[Opening DATASET CONTENT section]
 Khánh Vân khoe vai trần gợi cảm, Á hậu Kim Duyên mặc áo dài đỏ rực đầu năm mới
[Closing DATASET CONTENT section]
[Opening DATASET CONTENT section]
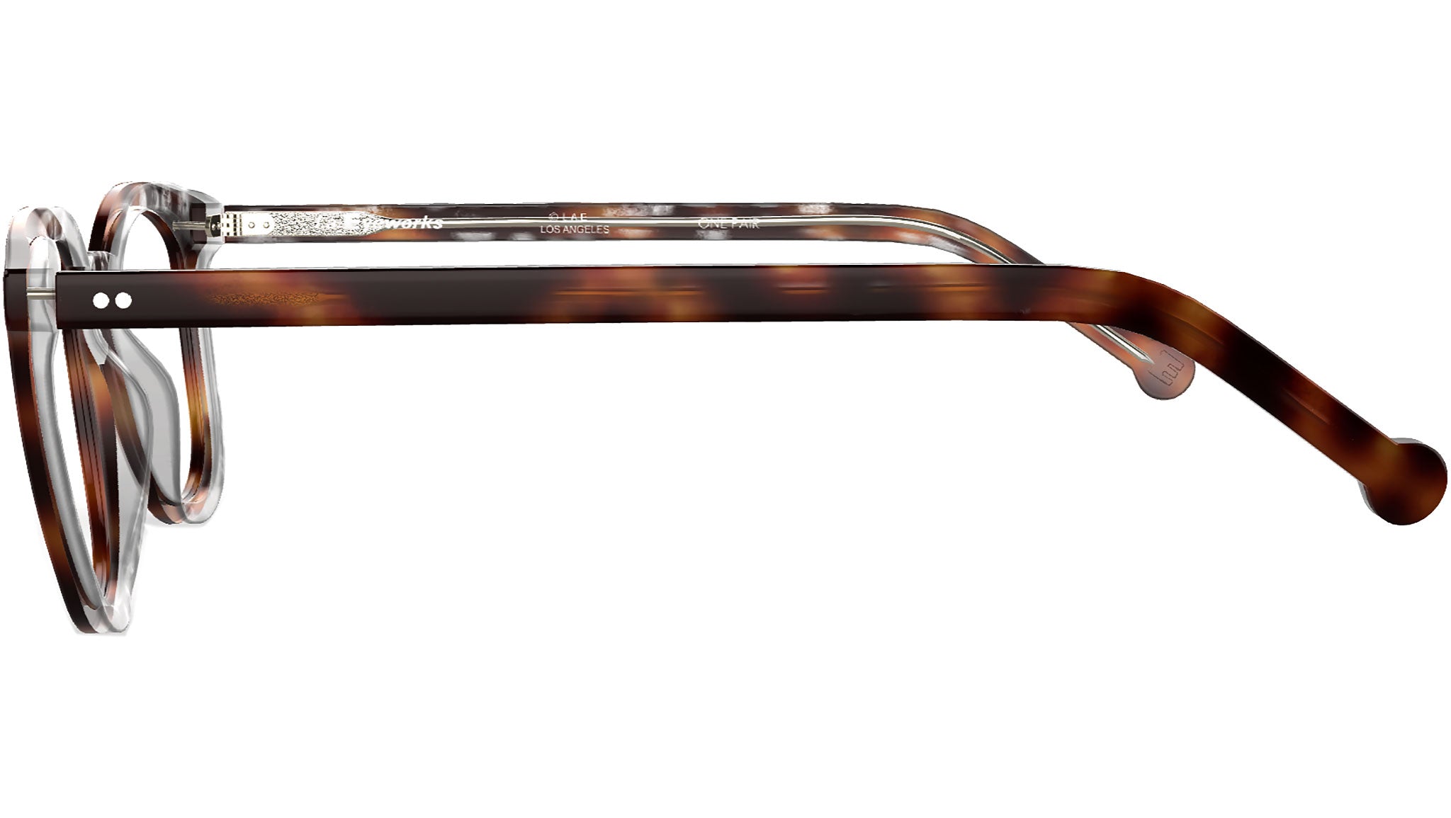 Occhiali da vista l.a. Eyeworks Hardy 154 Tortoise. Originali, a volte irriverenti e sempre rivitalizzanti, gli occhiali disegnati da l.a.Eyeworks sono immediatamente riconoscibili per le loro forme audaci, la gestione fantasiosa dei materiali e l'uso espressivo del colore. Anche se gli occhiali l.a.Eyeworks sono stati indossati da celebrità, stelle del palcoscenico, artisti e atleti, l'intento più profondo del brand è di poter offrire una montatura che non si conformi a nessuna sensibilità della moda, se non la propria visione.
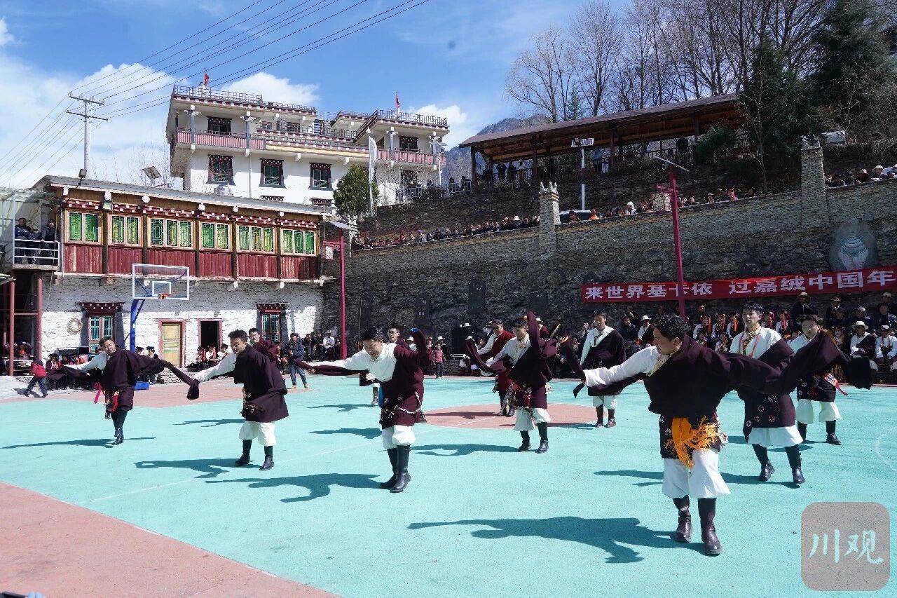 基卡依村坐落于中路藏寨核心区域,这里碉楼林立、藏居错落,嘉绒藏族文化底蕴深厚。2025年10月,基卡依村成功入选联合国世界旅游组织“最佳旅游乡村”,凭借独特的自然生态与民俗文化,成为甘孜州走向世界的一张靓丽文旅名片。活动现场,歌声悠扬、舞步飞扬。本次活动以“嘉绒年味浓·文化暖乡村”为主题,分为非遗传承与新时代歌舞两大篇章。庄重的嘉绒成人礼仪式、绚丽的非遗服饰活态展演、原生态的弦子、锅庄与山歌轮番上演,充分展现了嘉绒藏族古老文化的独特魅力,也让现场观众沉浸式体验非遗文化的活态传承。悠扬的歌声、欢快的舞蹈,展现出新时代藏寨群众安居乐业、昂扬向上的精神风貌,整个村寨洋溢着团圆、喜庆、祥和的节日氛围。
[Closing DATASET CONTENT section]
» **WHAT TO DO**:
With pictures omitted, repeat the entries above word for word from the line holding "Occhiali da vista" down to the line holding "基卡依村坐落于中路藏寨核心区", keeping both of those lines.

» **ANSWER FOR THE TASK**:
 Occhiali da vista l.a. Eyeworks Hardy 154 Tortoise. Originali, a volte irriverenti e sempre rivitalizzanti, gli occhiali disegnati da l.a.Eyeworks sono immediatamente riconoscibili per le loro forme audaci, la gestione fantasiosa dei materiali e l'uso espressivo del colore. Anche se gli occhiali l.a.Eyeworks sono stati indossati da celebrità, stelle del palcoscenico, artisti e atleti, l'intento più profondo del brand è di poter offrire una montatura che non si conformi a nessuna sensibilità della moda, se non la propria visione.
 基卡依村坐落于中路藏寨核心区域,这里碉楼林立、藏居错落,嘉绒藏族文化底蕴深厚。2025年10月,基卡依村成功入选联合国世界旅游组织“最佳旅游乡村”,凭借独特的自然生态与民俗文化,成为甘孜州走向世界的一张靓丽文旅名片。活动现场,歌声悠扬、舞步飞扬。本次活动以“嘉绒年味浓·文化暖乡村”为主题,分为非遗传承与新时代歌舞两大篇章。庄重的嘉绒成人礼仪式、绚丽的非遗服饰活态展演、原生态的弦子、锅庄与山歌轮番上演,充分展现了嘉绒藏族古老文化的独特魅力,也让现场观众沉浸式体验非遗文化的活态传承。悠扬的歌声、欢快的舞蹈,展现出新时代藏寨群众安居乐业、昂扬向上的精神风貌,整个村寨洋溢着团圆、喜庆、祥和的节日氛围。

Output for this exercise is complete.